Developer: MegaCrit
Price: $10/£10
IAP: None
Size: 1GB
Version: 2.0.11
Platform: iPhone & iPad
Glancing at a Slay the Spire screenshot might lead you to conclude that it’s not for you. But hold that finger for a second before you back out, because this is something seriously special.
Slay the Spire is way easier to grasp than its turn-based RPG trappings would suggest. If you’ve ever played and enjoyed a game like Card Crawl, Void Tyrant or Solitairica, you’ll be perfectly at home with this brand of snappy roguelike card combat.
Your fantastical warrior (one of four unlocked in sequence) faces off against a succession of enemies. When it’s your turn to go, you have three move points to spend on various maneuvers before handing over to your opponent.
These maneuvers manifest as a personalized deck of cards that you accrue throughout a run, each card of which has its own offensive and defensive attributes as well as a move cost.
You’ll need to balance laying the smackdown on your foes with raising a sufficient shield to mitigate their impending attacks, which are handily telegraphed to you ahead of time. Beating enemies will snag you exotic new cards, as well as relics and potions that imbue you with bonus attributes – permanently and temporarily, respectively.
You get the chance to collect more of these on a branching overworld map that features shops, chests, mysterious bonus events, and the odd ‘Elite’ mini-boss.

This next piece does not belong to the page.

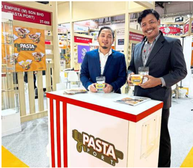
SJD Empire (M) Sdn Bhd (Pasta Port) Nature of business: F&B

From a local favourite to a global sensation, Pasta Port impressed visitors at Mihas@Dubai. Founded by a group of passionate pasta enthusiasts from Penang, this homegrown brand is keen to share its love for pasta with the world.

That’s really everything you need to known to get started in Slay the Spire. Where it shines – and where it will keep you coming back for potentially hundreds of hours – is in the endless tactical nuances that have been built on top of this solid foundation.
Most obviously, there’s the fact that each of the four heroes plays completely differently, with their own distinctive cards and attributes. The Ironclad is your typical hardy sword-wielding warrior who heals in between rounds, while the Silent is a mage with the capacity to increase their card and move count.
Trickier to master is the Defect, with its capacity to install orbs that impart offensive and defensive effects at the end of a turn. Perhaps most advanced of all is the Watcher, a warrior monk-like figure who can enter states of stat-shifting Calm or Rage.
We’d happily name Slay the Spire game of the year and hand out full marks at this point, but for that fact that this is an imperfect port of the original PC game. The touch controls are disappointingly flaky, with all-too-frequent unintentional card selections. The lack of an iCloud save function, too, is deeply irritating in a game that you’ll likely want to play on all of your iOS devices.
That said, this really is a much better experience on iPad than it is on iPhone. Those aforementioned control issues are only exacerbated on a smaller screen, alongside tiny text and button prompts.
Slay the Spire on iOS is a deeply imperfect version of a game that openly flirts with perfection. This almighty, endlessly replayable card battler could become one of the very best games on the App Store, but it might take an update or two to reach its full potential.